--- Available data Enclosed Below ---

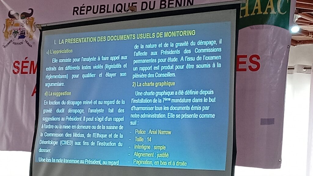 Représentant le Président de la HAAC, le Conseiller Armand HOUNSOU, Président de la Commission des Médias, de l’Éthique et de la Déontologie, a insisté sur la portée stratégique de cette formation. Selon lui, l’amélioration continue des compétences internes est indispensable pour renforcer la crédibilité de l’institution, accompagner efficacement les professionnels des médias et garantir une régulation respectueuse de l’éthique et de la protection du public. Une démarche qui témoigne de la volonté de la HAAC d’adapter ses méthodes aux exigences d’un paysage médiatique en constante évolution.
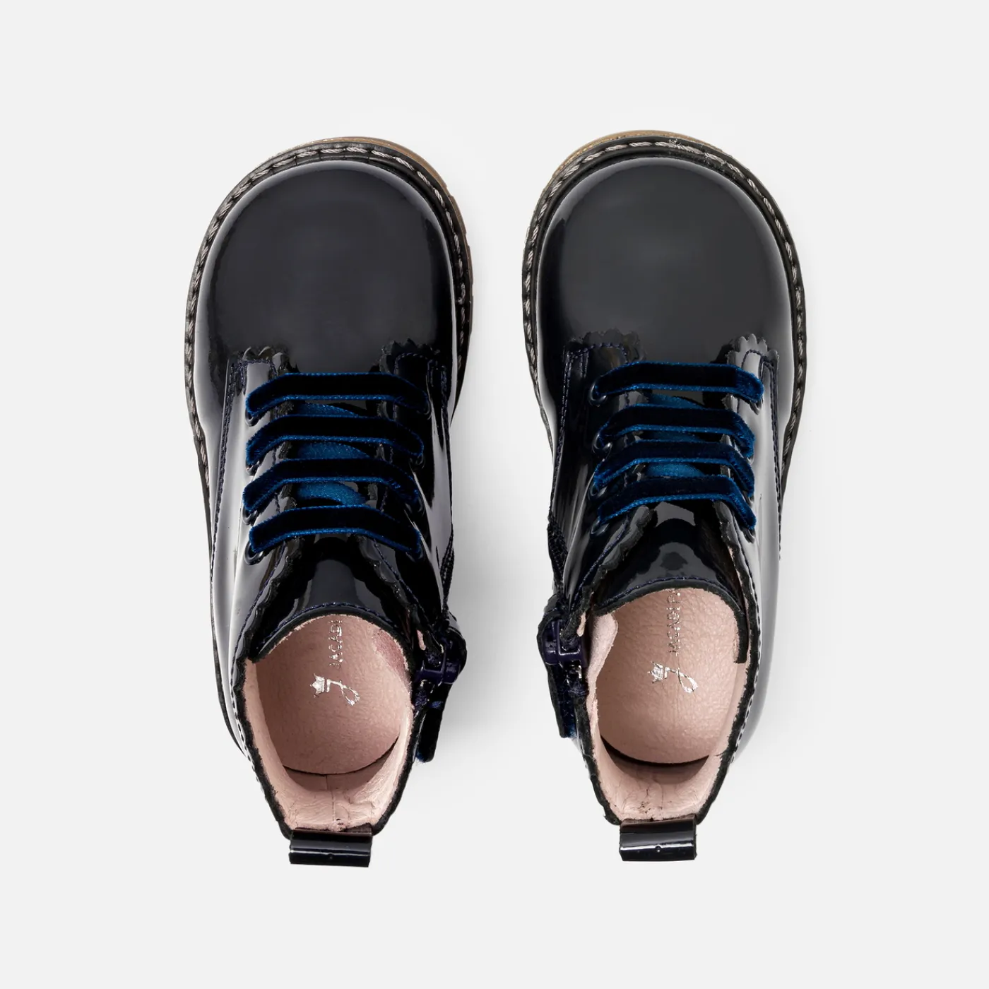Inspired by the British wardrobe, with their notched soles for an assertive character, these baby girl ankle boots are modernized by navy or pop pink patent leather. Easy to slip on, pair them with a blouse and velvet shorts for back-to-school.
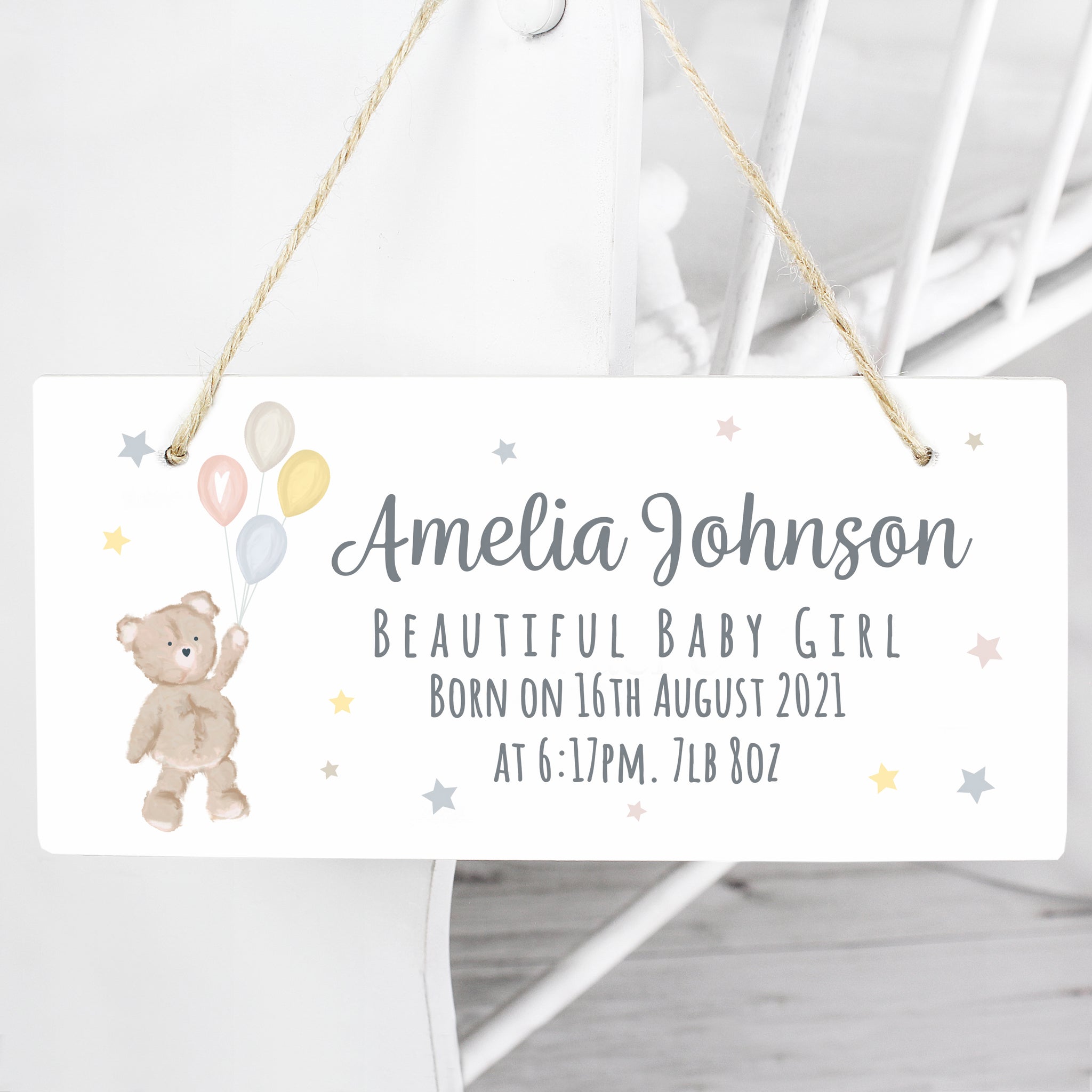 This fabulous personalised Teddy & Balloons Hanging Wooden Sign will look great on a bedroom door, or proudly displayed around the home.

--- End of Enclosed Available data ---

**Your instructions**
Repeat the material above word for word but skip the images.

**Task solution**
 Représentant le Président de la HAAC, le Conseiller Armand HOUNSOU, Président de la Commission des Médias, de l’Éthique et de la Déontologie, a insisté sur la portée stratégique de cette formation. Selon lui, l’amélioration continue des compétences internes est indispensable pour renforcer la crédibilité de l’institution, accompagner efficacement les professionnels des médias et garantir une régulation respectueuse de l’éthique et de la protection du public. Une démarche qui témoigne de la volonté de la HAAC d’adapter ses méthodes aux exigences d’un paysage médiatique en constante évolution.
Inspired by the British wardrobe, with their notched soles for an assertive character, these baby girl ankle boots are modernized by navy or pop pink patent leather. Easy to slip on, pair them with a blouse and velvet shorts for back-to-school.
 This fabulous personalised Teddy & Balloons Hanging Wooden Sign will look great on a bedroom door, or proudly displayed around the home.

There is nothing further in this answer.